How to implement some of the stuff above:

See the two anki plugins I posted. I just put up a more basic version that shows popups instead of pictu res.

On Ubuntu Linux, to show a background popup every 10 seconds (sorta), with some probability, do crontab -e and add this:

* * * * * bash -c "export DISPLAY=:0 && for i in 1 2 3 4 5; do if [ \$(( \$RANDOM / 327 )) -lt 20 ] ; then notify-send 'REINFORCE?'; (sleep 3; killall notify-osd ) & fi; sleep 10; done"

That’s what I currently use; I used to use this, which shows foreground popups and should thus probably be kept commented-out most of the time:

* * * * * bash -c "export DISPLAY=:0 && for i in 1 2 3 4 5; do if [ \$(( \$RANDOM / 327 )) -lt 10 ] ; then zenity --info --text='\n\nREINFORCE?' --timeout=5 --width=1000 --height=800 & fi; sleep 10; done; if [ \$(( \$RANDOM / 327 )) -lt 10 ] ; then zenity --info --text='\n\nREINFORCE?' --timeout=5 --width=1000 --height=800 & fi"

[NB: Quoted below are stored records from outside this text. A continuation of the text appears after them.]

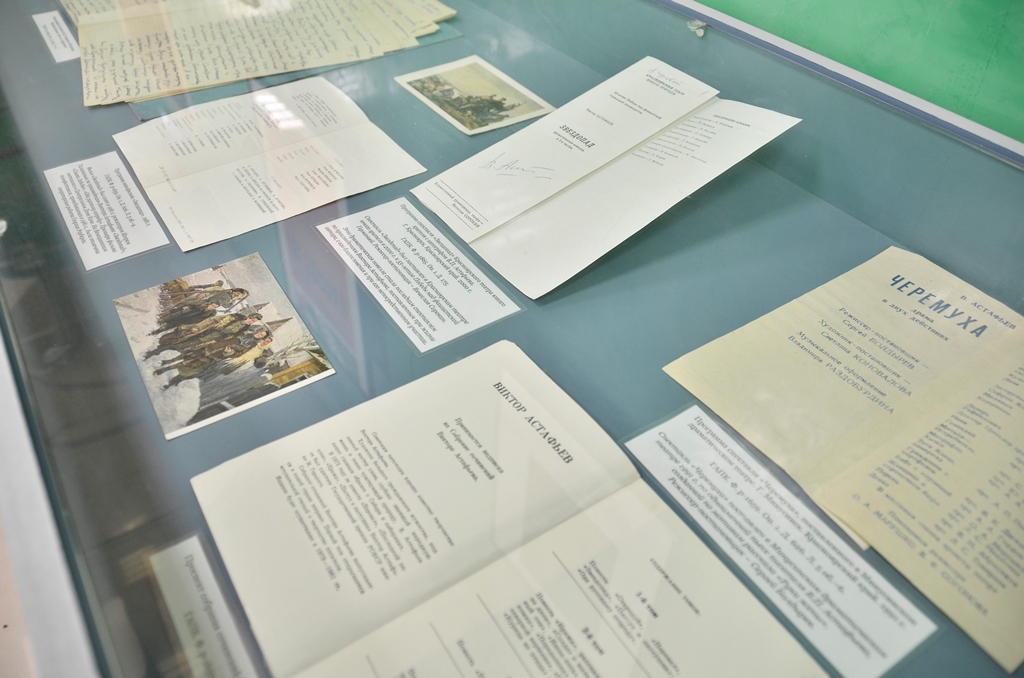 На выставке представлены подлинные документы, освещающие жизнь и творчество Виктора Петровича Астафьева и тему войны.
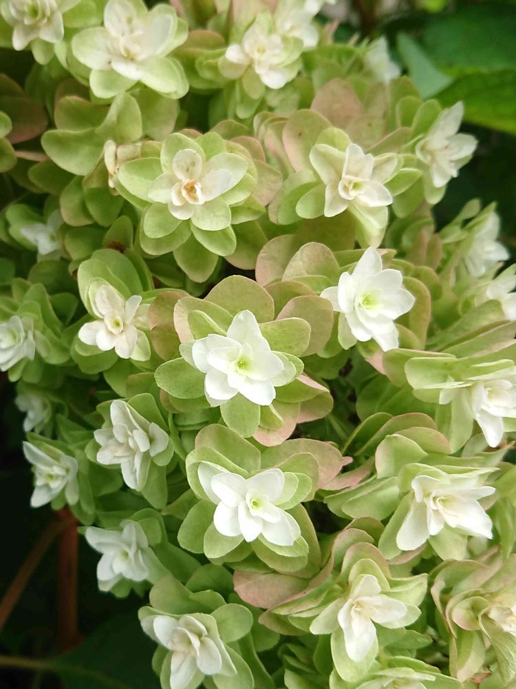 今お散歩道、こんなカシワバアジサイさんがたくさんです。(*ฅ́˘ฅ̀*)🎶
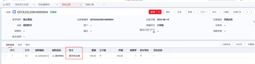 路径: 供应链云>采购管理>库存管理>库存收发>其他出库
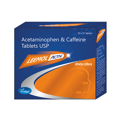 Leemol Activ tablets contain Paracetamol an analgesic and anti-pyretic and Caffeine a stimulant and analgesic. It is indicated in mild to modertate pain, headache, migraine, toothache, painful periods, fever, backache and rheumatic pain. |
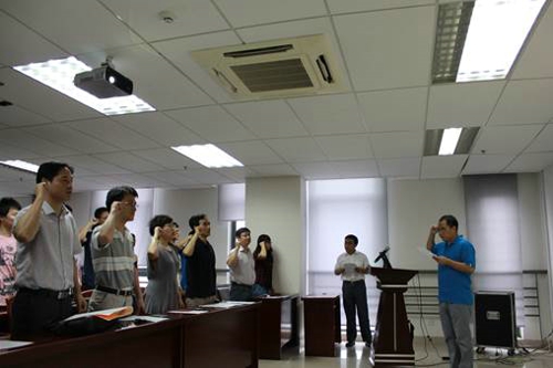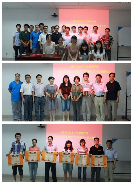 7月5日下午,管理学院2013年优秀党员表彰大会暨新党员入党宣誓仪式在管理科研楼801会议室隆重举行。院党委书记曹威麟、副院长余玉刚出席会议并讲话,院党委委员、各教工党支部书记与本期新发展党员、老党员代表、入党积极分子150余人参加了大会,会议由院党委副书记芮锋主持。
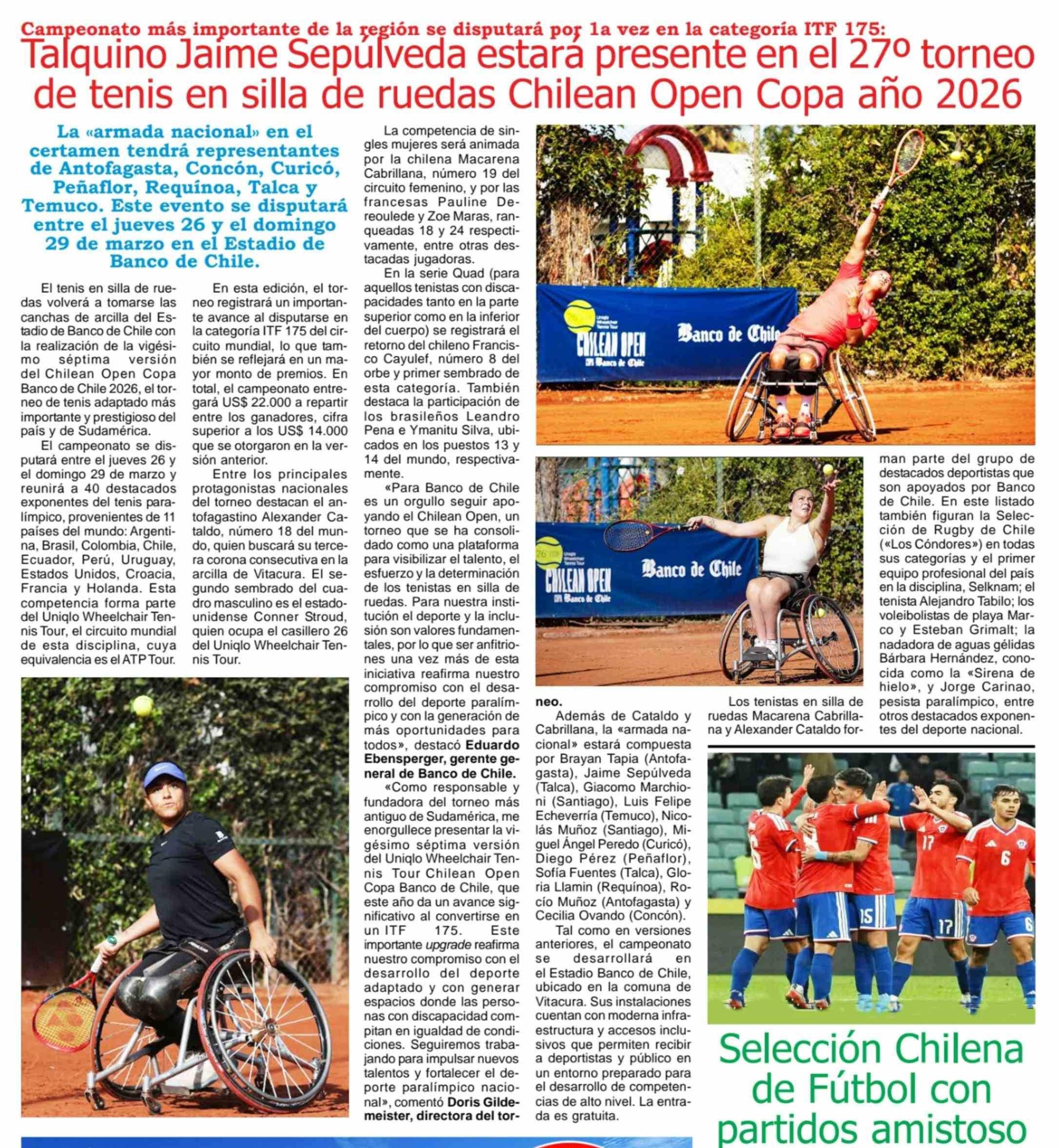 | Título: | Talquino Jaime Sepúlveda estará presente en el 27º torneo de tenis en silla de ruedas Chilean Open Copa año 2026 |

If anyone is planning to use any of this, please tell me. Also please share any ideas you have, even if they don’t seem useful.
What links here?
- D_Malik's comment on Post ridiculous munchkin ideas! by D_Malik (10 May 2013 12:01 UTC; 36 points)
- Richard_Kennaway 15 Apr 2013 13:23 UTC
  4 points
  0
  Parent
  
  I’ve been thinking about further automating my reinforcement things, and about automating punishment by buying an electroshock collar (normally used to train dogs).
  
  I don’t know if you’re being serious here, but I am.
  
  Beware of shock collars. Dogs have much thicker skin than humans, it’s more loosely attached to the underlying tissue, and it’s covered with fur. A mild zap for a dog might be too dangerous to apply to a human neck. I suggest contacting your local BDSM community for advice on where and how to safely give yourself electric shocks. They may also be able to advise on ways of making it impossible to take off until the time is up. Although, as I’ve said in a top-level comment to this post, whatever the setup, the conditionality between behaviour and reward is an exercise in role-playing. In reality you can eat and drink whatever you want whenever you want, and you are choosing to imagine a connection with doing your Anki work.
  What links here?
  - Antisuji's comment on How habits work and how you may control them by Kaj_Sotala (13 Oct 2013 17:02 UTC; 10 points)
  - gwern 15 Apr 2013 17:28 UTC
    7 points
    0
    Parent
    More importantly, with conditioning, there’s always the question of what exactly are you doing? (Particularly acute in cases of positive punishment like electroshock.) As far as the suggestion goes, well… I cannot seem to refind it, but within the last 2 or 3 years I ran into a blog where the author set up a electric shock apparatus for himself hooked up to some software. His final post said (or he said when I asked, I forget) that he stopped because he wound up training himself to not use it and it was too aversive to put on.
- David_Gerard 15 Apr 2013 11:24 UTC
  3 points
  0
  Parent
  
  I’m very interested in your automatic dog-feeder setup. I’ve been thinking about further automating my reinforcement things, and about automating punishment by buying an electroshock collar (normally used to train dogs).
  
  At this point I thought “ok, that was an extended Modest Proposal”.
- Intrism 15 Apr 2013 14:14 UTC
  1 point
  0
  Parent
  
  every 10 seconds, with probability ~20%, show a message in the background. When that appears, I examine my thoughts just prior to it appearing and reward if they were about work or other productive things.
  
  Have you had any problems with the context switching? It seems like being interrupted every ~50 seconds would make me less productive.